# JD 212 starter problem



## ejg593 (Mar 8, 2014)

My 212 has been running pretty well- infact, I mowed all day long yesterday w/o any problems. Turned her off for a quick minute & when I went to start it back up- nothing. When I turn the key, the starter motor just WHIIRRRRS but doesn't engage the flywheel to turn it over. Tried tapping on the starter motor w/screwdriver, WD-40d it, put battery on trickle charge....still nothing. Thinking I should test the battery to make sure it's good, then pull the starter & check it. But before I start tearing into stuff, any suggestions?

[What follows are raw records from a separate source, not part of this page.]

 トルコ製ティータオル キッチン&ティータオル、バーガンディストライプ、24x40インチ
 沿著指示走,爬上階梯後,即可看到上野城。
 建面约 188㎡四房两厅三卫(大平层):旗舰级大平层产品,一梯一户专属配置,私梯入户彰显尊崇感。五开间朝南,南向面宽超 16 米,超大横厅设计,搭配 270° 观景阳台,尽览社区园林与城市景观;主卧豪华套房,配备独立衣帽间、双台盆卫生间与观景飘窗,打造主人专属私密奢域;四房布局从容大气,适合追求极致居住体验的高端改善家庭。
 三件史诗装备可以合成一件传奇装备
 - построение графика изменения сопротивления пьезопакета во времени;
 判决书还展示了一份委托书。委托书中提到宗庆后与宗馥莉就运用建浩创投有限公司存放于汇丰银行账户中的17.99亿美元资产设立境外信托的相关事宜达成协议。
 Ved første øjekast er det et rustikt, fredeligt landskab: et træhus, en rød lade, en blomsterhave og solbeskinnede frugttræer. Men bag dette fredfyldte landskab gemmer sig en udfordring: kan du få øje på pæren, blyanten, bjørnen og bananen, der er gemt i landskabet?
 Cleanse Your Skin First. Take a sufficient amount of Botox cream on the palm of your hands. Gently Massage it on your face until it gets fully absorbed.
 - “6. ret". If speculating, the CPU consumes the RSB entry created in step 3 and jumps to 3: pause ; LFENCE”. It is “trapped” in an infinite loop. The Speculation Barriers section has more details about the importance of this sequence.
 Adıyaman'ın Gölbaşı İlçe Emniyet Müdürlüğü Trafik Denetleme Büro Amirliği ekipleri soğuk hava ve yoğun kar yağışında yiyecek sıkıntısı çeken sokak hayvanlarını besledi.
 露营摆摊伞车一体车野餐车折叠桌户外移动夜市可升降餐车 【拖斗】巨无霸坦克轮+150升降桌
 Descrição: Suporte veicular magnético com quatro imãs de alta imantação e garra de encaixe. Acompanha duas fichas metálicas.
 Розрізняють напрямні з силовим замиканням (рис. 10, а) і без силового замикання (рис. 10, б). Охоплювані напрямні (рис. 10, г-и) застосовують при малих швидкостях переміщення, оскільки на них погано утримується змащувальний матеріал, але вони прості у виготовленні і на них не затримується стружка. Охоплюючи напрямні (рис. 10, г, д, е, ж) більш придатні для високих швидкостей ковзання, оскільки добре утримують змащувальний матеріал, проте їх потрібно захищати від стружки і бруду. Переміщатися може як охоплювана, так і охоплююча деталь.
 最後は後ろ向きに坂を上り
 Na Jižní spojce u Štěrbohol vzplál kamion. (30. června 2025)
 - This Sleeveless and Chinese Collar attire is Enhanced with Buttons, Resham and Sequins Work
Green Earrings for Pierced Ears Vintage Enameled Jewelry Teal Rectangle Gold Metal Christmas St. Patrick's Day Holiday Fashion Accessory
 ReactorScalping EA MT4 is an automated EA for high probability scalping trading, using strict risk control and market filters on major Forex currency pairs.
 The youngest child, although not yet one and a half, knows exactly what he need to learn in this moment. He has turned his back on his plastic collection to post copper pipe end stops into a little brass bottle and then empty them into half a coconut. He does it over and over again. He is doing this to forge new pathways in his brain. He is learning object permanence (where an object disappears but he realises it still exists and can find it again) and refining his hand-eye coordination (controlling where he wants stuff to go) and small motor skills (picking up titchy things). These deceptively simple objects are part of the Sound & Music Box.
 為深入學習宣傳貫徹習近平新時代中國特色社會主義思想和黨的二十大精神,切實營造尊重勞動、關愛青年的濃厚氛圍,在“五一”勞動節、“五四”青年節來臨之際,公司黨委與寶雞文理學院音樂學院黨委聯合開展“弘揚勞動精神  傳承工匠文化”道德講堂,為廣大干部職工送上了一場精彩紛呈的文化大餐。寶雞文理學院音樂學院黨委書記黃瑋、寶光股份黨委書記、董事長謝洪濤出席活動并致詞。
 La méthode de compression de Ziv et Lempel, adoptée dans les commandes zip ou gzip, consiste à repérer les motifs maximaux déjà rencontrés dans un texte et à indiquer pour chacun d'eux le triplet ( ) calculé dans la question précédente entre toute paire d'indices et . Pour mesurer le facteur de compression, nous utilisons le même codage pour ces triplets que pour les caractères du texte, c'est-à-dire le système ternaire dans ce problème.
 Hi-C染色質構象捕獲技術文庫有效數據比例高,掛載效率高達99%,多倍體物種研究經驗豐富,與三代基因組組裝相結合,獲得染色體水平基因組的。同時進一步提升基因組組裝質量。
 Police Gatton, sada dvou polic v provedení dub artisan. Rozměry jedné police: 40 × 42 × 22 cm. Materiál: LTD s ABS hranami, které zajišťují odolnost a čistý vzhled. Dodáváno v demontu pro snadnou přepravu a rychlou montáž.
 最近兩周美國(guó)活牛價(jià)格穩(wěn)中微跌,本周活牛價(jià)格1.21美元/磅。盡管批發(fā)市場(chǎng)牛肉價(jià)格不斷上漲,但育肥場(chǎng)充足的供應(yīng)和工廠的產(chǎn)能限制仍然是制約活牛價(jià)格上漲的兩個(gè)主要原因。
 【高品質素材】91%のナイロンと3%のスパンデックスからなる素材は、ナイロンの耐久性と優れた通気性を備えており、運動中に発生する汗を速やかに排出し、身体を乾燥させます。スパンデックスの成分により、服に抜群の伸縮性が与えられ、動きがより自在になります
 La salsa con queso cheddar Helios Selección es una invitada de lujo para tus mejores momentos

Also, what's the typical life-span of a starter? When they go out, is it all of the sudden like this, or is it a gradual thing that I should notice happening?

Thanks!


----------



## jhngardner367 (Apr 5, 2011)

NEVER "tap" on a starter !
That old wive's tail is responsible for more broken magnets,than anything !Dropping,or tapping on them will damage the magnets,which are actually fragile!
It sounds more like the gear isn't activating,or it has a weak solenoid .
Charge/test the battery,and clean all the cables and posts,and try again .


----------



## Ironhorse805 (Oct 9, 2013)

Funny I have kinda the same problem except the starter is good and makes no noise, the motor just won't turn over. My oil, gas, and battery are all checked/tested and the motor won't turn over.


----------



## jhngardner367 (Apr 5, 2011)

I would check the ignition switch,and the main fuse.


----------



## Ironhorse805 (Oct 9, 2013)

Sorry Gardner but was that answer for me?


----------



## jhngardner367 (Apr 5, 2011)

The "fuse" answer is for Ironhorse805.
Ejg593, it sounds as if your drive gear return spring may be weak,OR the gear may be worn,or have sheared teeth. ALSO,check to make sure the starter is mounted tightly.
If the drive(bendix) isn't extending,when you try to start it, first,jump it with a known good battery,since yours may be weak. Batteries can show 12 volts,and still not have the amps to turn it over. So,try jumping it with a good battery,first.
As you do this,watch the starter bendix,and see if it is engaging the flywheel ring gear. If it doesn't, start checking the bendix for a weak spring,or messed up gear.


----------



## Ironhorse805 (Oct 9, 2013)

Ok gotcha. Thanks


----------